The ocean is a multi-layered system. It has the fast, surface-height-driven motions we have been discussing, known as the external or barotropic mode. But it also has much, much slower internal waves that move along density surfaces deep within the ocean, known as internal or baroclinic modes. The speed of the external waves is our familiar $c_0 = \sqrt{gH} \approx 200 \text{ m/s}$. The speed of the fastest internal wave, $c_1$, is typically only a few meters per second. Because the CFL condition is governed by the fastest wave, a straightforward simulation would be forced to take tiny time steps, on the order of minutes, dictated by the barotropic waves. Yet the evolution of the ocean's heat content and internal structure happens on timescales of days to years. This is a computational nightmare.

The solution is a technique called mode splitting. Since the barotropic speed is about 100 times faster than the baroclinic speed, the time step required is about 100 times smaller. Mode splitting brilliantly exploits this separation of timescales. The model is algorithmically split: the fast barotropic motions are calculated separately with the necessary small time step, while the slow, computationally expensive baroclinic motions and tracer transport are updated with a much larger time step. This simple idea, directly motivated by the disparity in wave speeds, has made long-term, high-resolution ocean modeling computationally feasible.

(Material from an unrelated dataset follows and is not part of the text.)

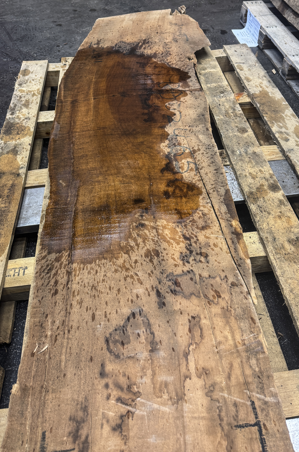 Outside cut slab with heavy curly figure at one end that fades away in the rest of the slab but deep checking and lots of sapwood on the back face. Lots of cupping- best broken down into billets.
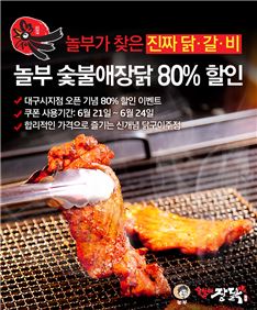[아시아경제 이은정 기자] ㈜놀부NBG(대표 김준영)의 닭갈비 브랜드 '숯불애장닭'이 쿠팡과 함께 29일까지 숯불닭갈비(매운맛+순한맛) 2인분을 80%할인된 가격인 2500원에 판매한다. 이번 할인행사는 대구 시지점과 광주 전남대점 신규 오픈을 기념해 마련된 것으로 지점 오픈일에 맞춰 기획됐다. 숯불애장닭 대구 시지점은 21일, 광주 전남대점은 24일 오픈한다. 소셜커머스 쿠팡에서 판매되는 숯불애장닭 대구·광주점 오픈 기념 80% 할인권을 통해 매운맛 닭갈비 1인분(6500원)과 순한맛 닭갈비 1인분(6000원) 2종을 2500원에 이용할 수 있다. 1인당 최대 2매까지 구매가능하며 테이블당 사용 제한은 없다. 대구 시지점 할인권은 20일부터 24일까지 5일간 판매되며 21일부터 24일까지 기간 내에 사용 가능하다. 광주 전남대점 할인권은 25일부터 29일까지 5일간 판매되며 26일부터 29일까지 기간 내에 사용 가능하다. 지점당 1000장씩 총 2000장 한정 판매로 진행된다. 권태우 ㈜놀부 미래전략마케팅팀장은 "숯불애장닭 지방 첫 직영점 오픈을 기념하여 숯불애장닭 인기메뉴를 커피한잔도 안 되는 가격에 맛볼 수 있는 파격 이벤트를 준비했다"고 말했다.이은정 기자 mybang21@<ⓒ세계를 보는 창 경제를 보는 눈, 아시아경제(www.asiae.co.kr) 무단전재 배포금지>

A model running in isolation, no matter how sophisticated, will inevitably drift from reality. To produce a useful forecast, it must be constantly nudged back on track by real-world observations. This process is called data assimilation. But one cannot simply "paste" an observation—say, from a satellite measuring sea surface height—into the model. Doing so would "shock" the system, creating a storm of spurious, high-frequency inertia-gravity waves that would radiate through the model, corrupting the forecast.

The key to avoiding this is the concept of dynamical balance. On the large scales relevant to climate and weather, the rotating ocean and atmosphere are, to a good approximation, in a state of geostrophic balance, where the pressure gradient force is balanced by the Coriolis force. This is a state of slow, graceful evolution, dominated by vorticity (swirling motions) rather than divergence (spreading-out motions). The goal of modern data assimilation is to ensure that the correction applied to the model is itself dynamically balanced. This is achieved by building the physics of geostrophic balance directly into the statistical heart of the assimilation system—the background error covariance matrix, $B$. This matrix tells the system how errors in one variable (like sea surface height) are related to errors in other variables (like velocity). By using our physical understanding to construct these relationships, we guide the assimilation to produce analysis updates that lie on the "slow manifold" of balanced flow, minimizing the generation of noisy gravity waves. Modelers can even diagnose the health of their system by measuring the ratio of divergence to vorticity in the analysis increments, or by projecting the updates onto the system's normal modes to see what fraction of the energy is going into the unwanted gravity wave modes. This is a beautiful synthesis of dynamics, statistics, and control theory, and it all rests on the fundamental distinction between balanced flows and gravity waves, a distinction first made clear by the shallow water equations.

From the speed of a tsunami to the stability of a supercomputer code, from the design of a numerical grid to the statistical fusion of a model with satellite data, the linear shallow water equations are a constant, unifying thread. They remind us that within the most complex systems, there often lies a simple, elegant core whose principles, once understood, reverberate through every layer of our scientific and technological endeavors.